Supplied material:
════════

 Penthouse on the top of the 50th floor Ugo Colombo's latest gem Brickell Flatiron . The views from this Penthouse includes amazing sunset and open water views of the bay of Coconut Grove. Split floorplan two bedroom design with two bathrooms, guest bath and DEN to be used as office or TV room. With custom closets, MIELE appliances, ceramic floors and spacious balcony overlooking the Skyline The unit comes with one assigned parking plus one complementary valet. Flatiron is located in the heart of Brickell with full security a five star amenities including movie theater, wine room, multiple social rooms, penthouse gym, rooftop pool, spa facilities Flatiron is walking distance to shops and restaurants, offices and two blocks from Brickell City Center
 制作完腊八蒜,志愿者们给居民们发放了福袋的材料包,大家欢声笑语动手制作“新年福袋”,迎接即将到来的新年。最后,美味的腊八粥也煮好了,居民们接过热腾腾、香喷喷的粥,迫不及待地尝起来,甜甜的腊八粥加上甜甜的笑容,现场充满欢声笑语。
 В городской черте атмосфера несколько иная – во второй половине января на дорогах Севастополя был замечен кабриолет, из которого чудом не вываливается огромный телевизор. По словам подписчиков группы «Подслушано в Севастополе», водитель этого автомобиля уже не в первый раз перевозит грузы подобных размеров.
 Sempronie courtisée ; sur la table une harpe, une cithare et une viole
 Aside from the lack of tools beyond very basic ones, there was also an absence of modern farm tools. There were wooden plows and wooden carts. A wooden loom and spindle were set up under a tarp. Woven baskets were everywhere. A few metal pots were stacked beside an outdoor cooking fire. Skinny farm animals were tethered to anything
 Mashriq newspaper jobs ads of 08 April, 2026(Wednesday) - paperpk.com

════════

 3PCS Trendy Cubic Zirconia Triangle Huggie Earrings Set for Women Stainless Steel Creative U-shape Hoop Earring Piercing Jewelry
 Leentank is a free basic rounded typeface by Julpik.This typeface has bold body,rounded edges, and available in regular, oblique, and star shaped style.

════════

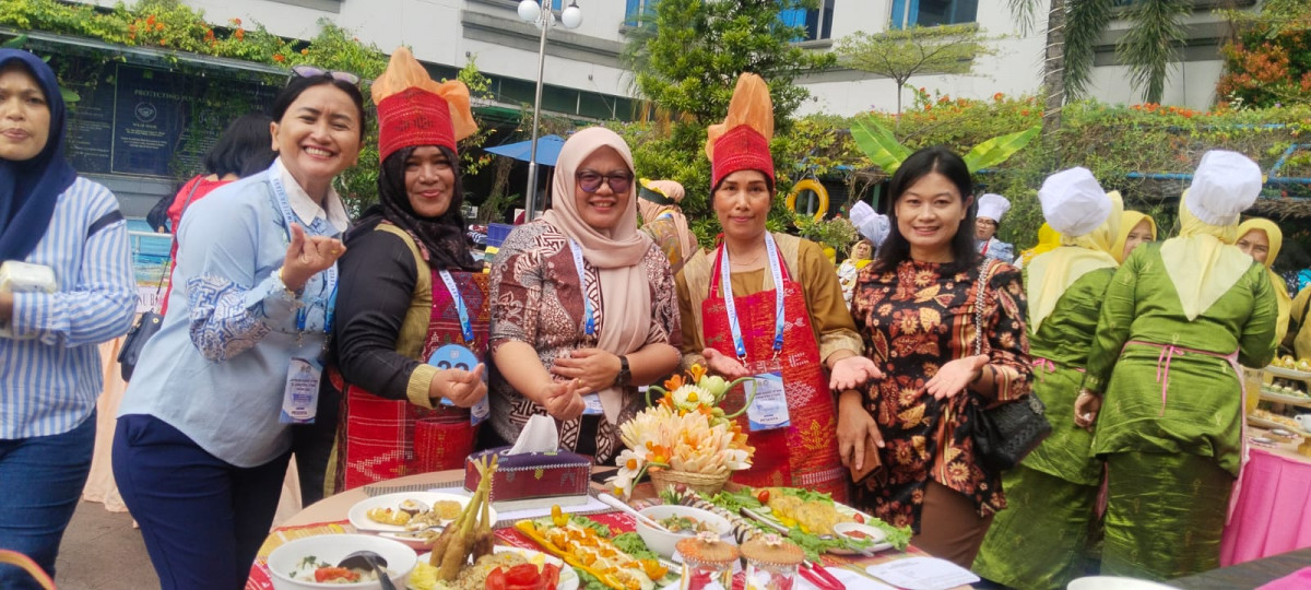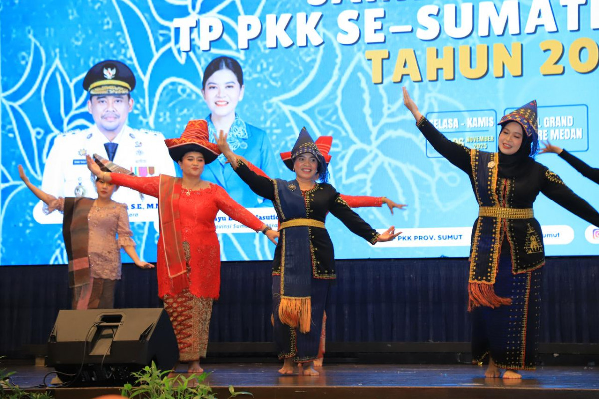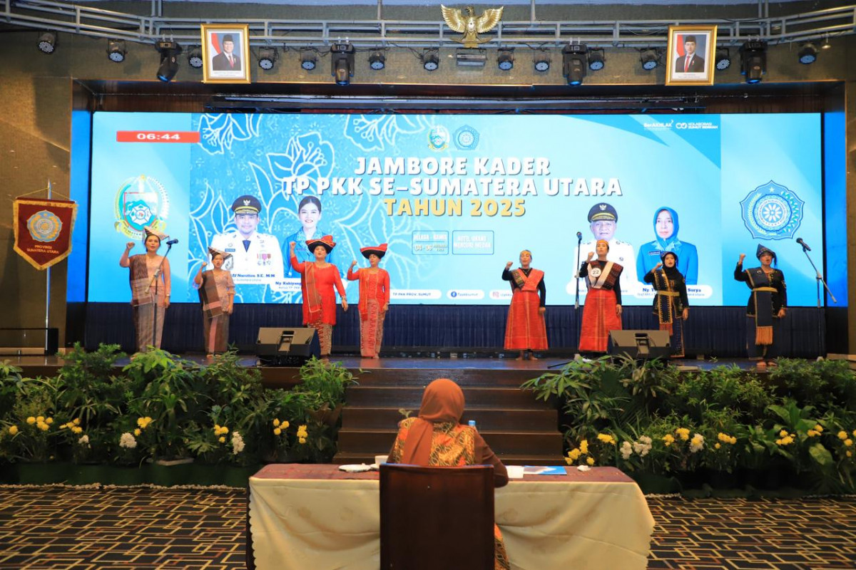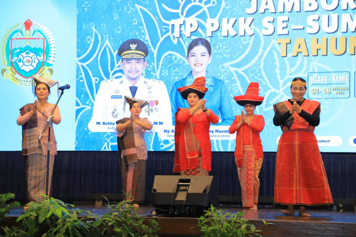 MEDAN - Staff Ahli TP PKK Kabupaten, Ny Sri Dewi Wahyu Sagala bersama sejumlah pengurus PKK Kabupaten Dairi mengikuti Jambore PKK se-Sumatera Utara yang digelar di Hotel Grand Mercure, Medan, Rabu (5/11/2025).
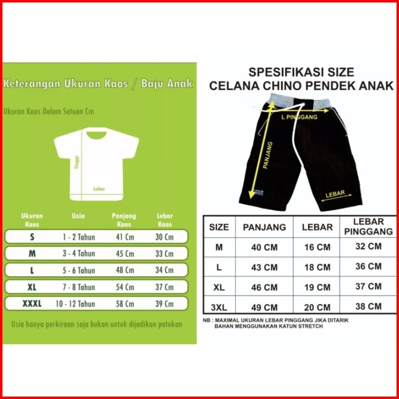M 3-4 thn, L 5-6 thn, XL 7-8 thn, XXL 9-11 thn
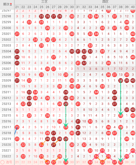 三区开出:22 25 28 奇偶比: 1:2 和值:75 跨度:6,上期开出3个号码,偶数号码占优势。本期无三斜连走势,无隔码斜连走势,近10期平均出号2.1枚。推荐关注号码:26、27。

════════

What you are asked to do: Look back at the data above. Transcribe exactly the lines starting at the line that contains "Penthouse on the" and ending at the line that contains "В городской черте".

Result for this exercise:
 Penthouse on the top of the 50th floor Ugo Colombo's latest gem Brickell Flatiron . The views from this Penthouse includes amazing sunset and open water views of the bay of Coconut Grove. Split floorplan two bedroom design with two bathrooms, guest bath and DEN to be used as office or TV room. With custom closets, MIELE appliances, ceramic floors and spacious balcony overlooking the Skyline The unit comes with one assigned parking plus one complementary valet. Flatiron is located in the heart of Brickell with full security a five star amenities including movie theater, wine room, multiple social rooms, penthouse gym, rooftop pool, spa facilities Flatiron is walking distance to shops and restaurants, offices and two blocks from Brickell City Center
 制作完腊八蒜,志愿者们给居民们发放了福袋的材料包,大家欢声笑语动手制作“新年福袋”,迎接即将到来的新年。最后,美味的腊八粥也煮好了,居民们接过热腾腾、香喷喷的粥,迫不及待地尝起来,甜甜的腊八粥加上甜甜的笑容,现场充满欢声笑语。
 В городской черте атмосфера несколько иная – во второй половине января на дорогах Севастополя был замечен кабриолет, из которого чудом не вываливается огромный телевизор. По словам подписчиков группы «Подслушано в Севастополе», водитель этого автомобиля уже не в первый раз перевозит грузы подобных размеров.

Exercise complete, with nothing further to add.